TONI CABOT
Tal y como estaba montada la operación, el 'no' pronunciado por el consejo de administración del Valencia era tan natural como previsible, lo que ocurre es que el camino es largo y esta historia todavía puede dar muchas vueltas". Así se expresaban ayer fuentes consultadas acerca del inesperado desenlace que frustró la compra de una porción del viejo estadio de Mestalla por parte del empresario alicantino Enrique Ortiz.

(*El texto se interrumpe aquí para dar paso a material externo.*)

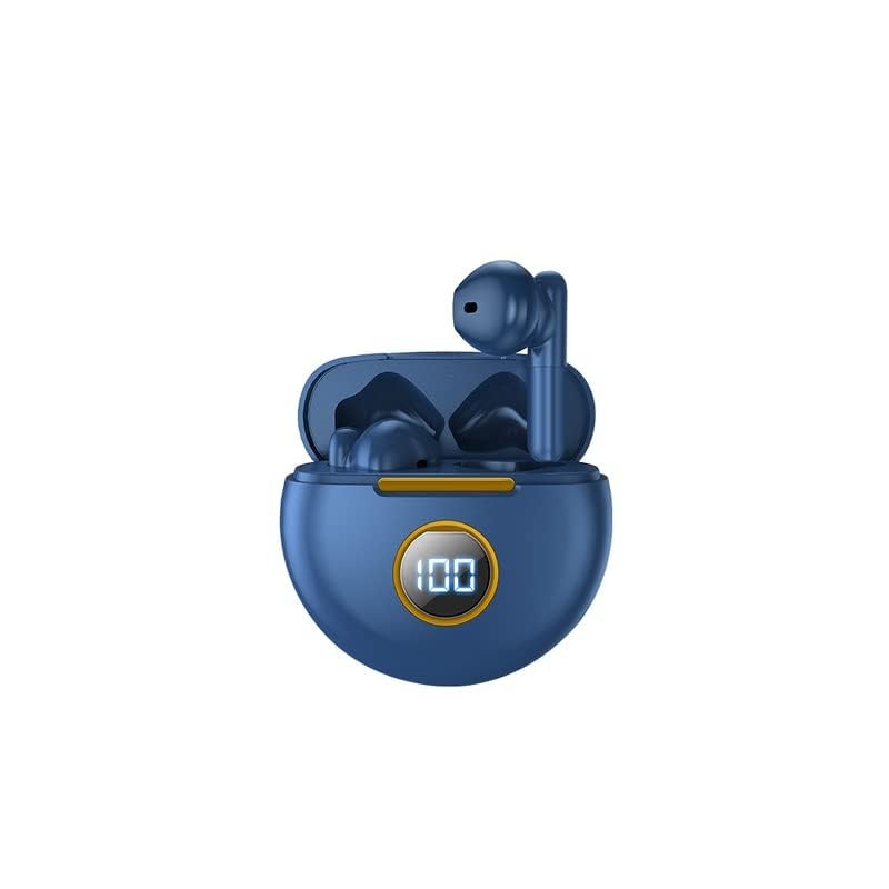 Acuvar in-Ear Wireless 5.1 Headphones, Earbuds IPX7 Waterproof with Microphone Rechargeable USB C Case with Round LCD Display for Smartphones Android iOS (Blue)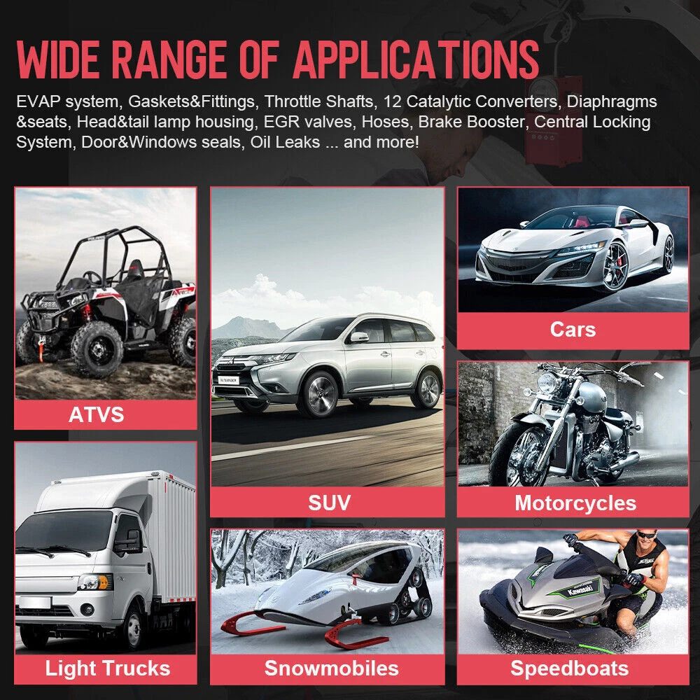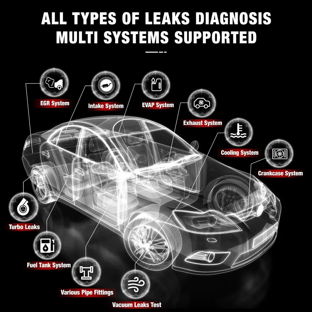 ANCEL S3000 Auto EVAP Smoke Machine Vacuum Leakage Detector Fuel Pipe Diagnostic ANCEL S3000 Car Motorcycle Smoke Leak Detector Gas Pipe Leakage Analyzer Oil Pipe Generator EVAP Vacuum Leakage Diagnostic Tool ANCEL S3000 Smoke Leak Detector is a universal and professional automobile pipe leakage smoke tester. It will help us position cars motorcycles leakage on pipe system quickly and exactly ,such as : Crankcase System Test; Intake System Test; Car Sealing Test; Fuel Tank System Test; Turbo System Test; EVAP System Test; Exhaust System Test; Various Pipe Fittings Test,It allows you to determine the leak points more quickly within a few minutes. By observing the pressure indicator, the leakage is clear at a glance. Why choose ANCEL S3000? 1.【Support Various System Test】Crankcase System Test; Intake System Test; Car Sealing Test; Fuel Tank System Test; Turbo System Test; EVAP System Test; Exhaust System Test; Various Pipe Fittings Test. (Note: Not applicable to air conditioning system piping) It can quick to find evap leaks 2.【Wide Compatibility】Used to detect leakage of pipe systems on automobiles, motorcycles, snowmobiles, ATVs, ATVs, light trucks, and speedboats. The fuel line leak diagnosis machine is suitable for all makes and models of cars. 3.【Powerful Function】Air-tightness Check, Evaporating Fuel Leakage Check, and Over-heat & Anti-frost protection. If it exceeds the working limit (Over 167°F) it will power off automatically. The evap smoke machine has its own air pump. It does not rely on other air machine and connect the detector with DC12V battery. 4.【Easy To Use】The Smoke Machine Automotive with easy-use function and portable design, can help mechanic produce lots of smoke within 30s to detect the leaks in pipe system (by heating up baby oil). Dramatically reducing diagnostic time. 5.【Main Unit 3 Year Warranty】To ensure your high-quality shopping experience. There are 3 years’ warranty of the main unit from the date of the customer received the product and 1year warranty for accessories. (longer than competing machines). ANCEL S3000 Advanced Technology ▶Crankcase System Test ▶Intake System Test ▶Car Sealing Test ▶Fuel Tank System Test ▶Turbo System Test ▶EVAP System Test ▶Exhaust System Test ▶Various Pipe Fittings Test. How to do leakage test? 1. Fill 20ml baby oil to the detector for the first time. Open the engine cover, and hang the detector in the cover. 2. Disconnect the pipe that needs to be connected with detector. 3. Connect detector with DC12V battery, turn on the power switch, and the detector starts to work. 4. In about 30 seconds, the pipe will be filled with smoke. Check the leak points. Please use head lamp if necessary. Indenpendent switch control design Wide Range Of Applications For detecting the leakage of pipe systems on cars,motorcycles,snowmobiles,off-road vehlicles, ATVS,light trucks and speedboats,Suitable for all car models. OVERHEAT & ANTI-FROST PROTECTION For detecting the leakage of pipe systems on cars,motorcycles,snowmobiles,off-road vehlicles, ATVS,light trucks and speedboats,Suitable for all car models. Overheat Protection When the temperature of the device exceeds 75℃, power protection will be intelligently activated to turn it off. Anti-frost Protection The device can also work normally at -20℃. Product Specification Product details ANCEL S3000 Packing Lists Brand ANCEL Manufacturer Part Number ANCEL S3000 Type Smoke Leak Detector OBD Interface CAN, EOBD, OBDII Supported System Crankcase System, Intake System, Car Sealing, Fuel Tank System, Turbo System, EVAP System, Exhaust System, Various Pipe Fittings Vehicle Type Passenger Vehicle, Heavy Duty/Commercial, ATV, Motorcycle Warranty 3 Year Function 1 Crankcase System Test Function 2 Intake System Test Function 3 Car Sealing Test Function 4 Fuel Tank System Test Function 5 Turbo System Test Function 6 EVAP System Test Function 7 Exhaust System Test Function 8 Various Pipe Fittings Test. Item Weight 5.4 lbs Package 12.20 x9.25 x 4.52 inches Model ANCEL S3000 what to use to produce smoke Liquid paraffin and baby oil are OK Voltage DC 12V Smoke output value 6l/min Feature Autos Pipe Systems Smoke Leakage Detector Support for Check the tightness of the pipeline or other obj output pressure 10-13psi Air pressure output Built-in air pump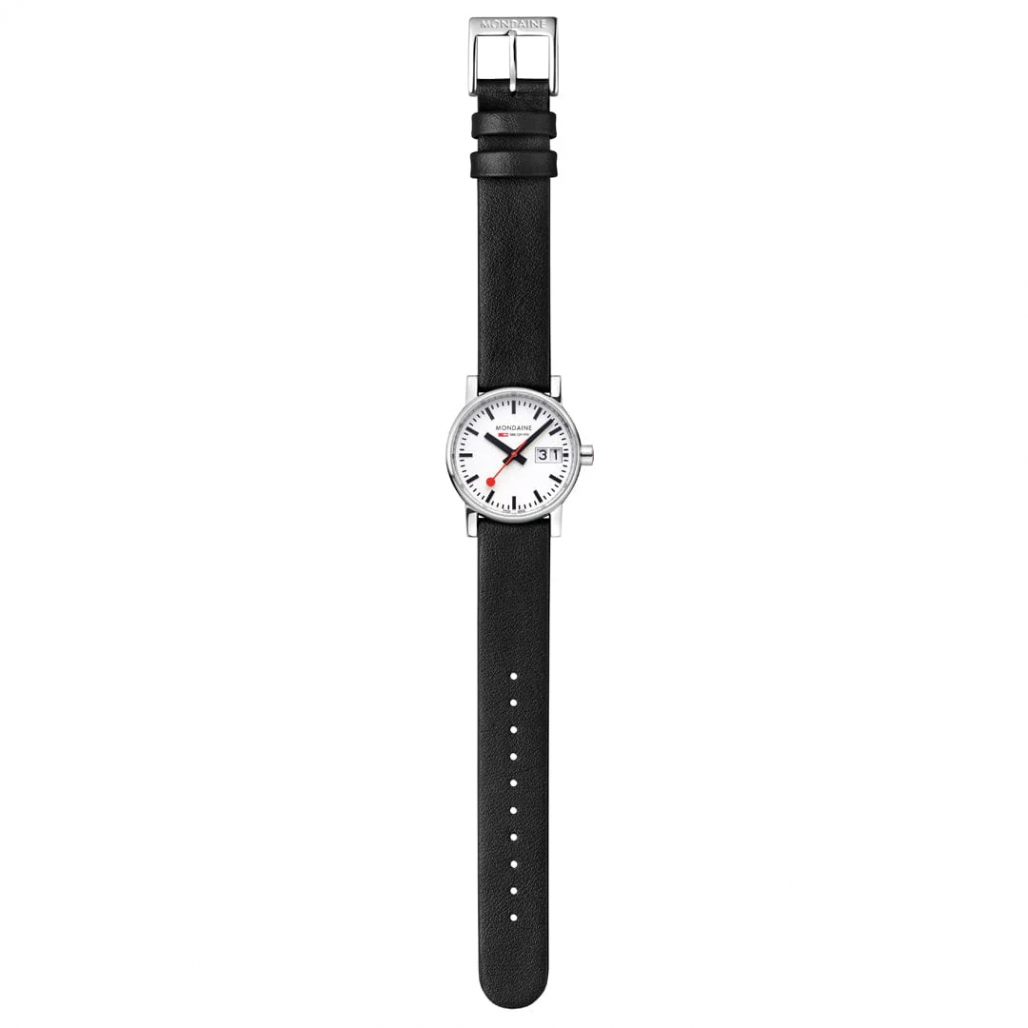 Det harmonisk formede urkasse af poleret rustfrit stål på Mondaine Official Swiss Railways evo2 lover maksimal bærekomfort. Det ikoniske design på dette klassiske ur kendetegnes ved den letlæselige urskive, som afrundes af den store datovisning. Uret har en sort vegansk læderrem. Sidstnævnte består af 75 % plantebaseret øko-kompositmateriale og 25 % genanvendt PET.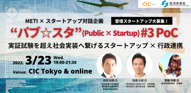 スタートアップと省庁の対話イベント"パブ☆スタ(Public × Startup)"の第3弾ではスタートアップによる実証試験、そしてその後の社会実装までをどのように進めるのか、スタートアップと行政で対話を深めるとともに、行政のサポート施策の紹介を行います。

El propietario del Hércules creyó que atado el cabo de Bancaja -entidad que tomó la iniciativa y le eligió para negociar la compra- todo quedaba amarrado. Error de cálculo. La dirección de la caja de ahorros no contemplaba desviar al Valencia ni un solo euro de los 70 millones que Ortiz iba a depositar en ventanilla. Al contario, el depósito del alicantino tenía como destino reducir el préstamo concedido al Valencia, que asciende a 260 millones de euros. Es decir, el consejo de administración "che", presidido por Vicente Soriano, se encontró encima de la mesa una operación que debía aprobar pese a que no le reportaba liquidez para afrontar los pagos que debe acometer a corto plazo, sino que únicamente reducía deuda contraída con Bancaja, cuyo vencimiento está fijado en 2011. La decisión del consejo, adoptada por unanimidad, encontró un 'no' rotundo, excusado con la existencia de "alternativas más fiables y convincentes" que la presentada por Ortiz. "No había un solo caramelo para el Valencia, nada. Pues, de perdidos, al río", recordó ayer una fuente cercana al club valencianista.
Y el camino "hacia el río" encontró la acera de la ampliación de capital en 92 millones de euros. Esta nueva medida obtuvo el visto bueno de los dos máximos accionistas, Juan Soler y Vicente Soriano, que en principio podrían ser los más perjudicados y que rechazaron de plano esta posibilidad cuando fue mencionada por Juan Villalonga el año pasado. Del mismo modo, la ampliación de capital anunciada también ha sido interpretada como un intento desesperado de ganar tiempo a la espera de que fructifiquen las negociaciones de Soriano con algún inversor extranjero.
Mientras tanto, también se juega para subsistir hasta junio con la muleta del crédito de 50 millones de euros pedido a una entidad bancaria, ajena a Bancaja, con el aval del contrato firmado hace poco con Mediapro.
Paralelamente, otras razones "colaterales" que ayudaron a cimentar el "no" por parte del consejo -dominado accionarialmente por Soler y Soriano- fueron las condiciones que tenía atadas Ortiz para la compra de la subparcela de Mestalla. Así, Soler se vio perjudicado al conocer que el empresario alicantino se aseguraba el pro indiviso de la parcela del viejo estadio. Es decir, Ortiz adquiría más poder al asegurarse capacidad para paralizar cualquier acción sobre el inmueble a cualquiera de los copropietarios del mismo.
Con todo, el camino, como comentaba una de las fuentes consultadas, "todavía es largo". De ahí que ni el propio Ortiz descarte que vuelvan a llamarle para sentarse, de nuevo, en la mesa de negociaciones.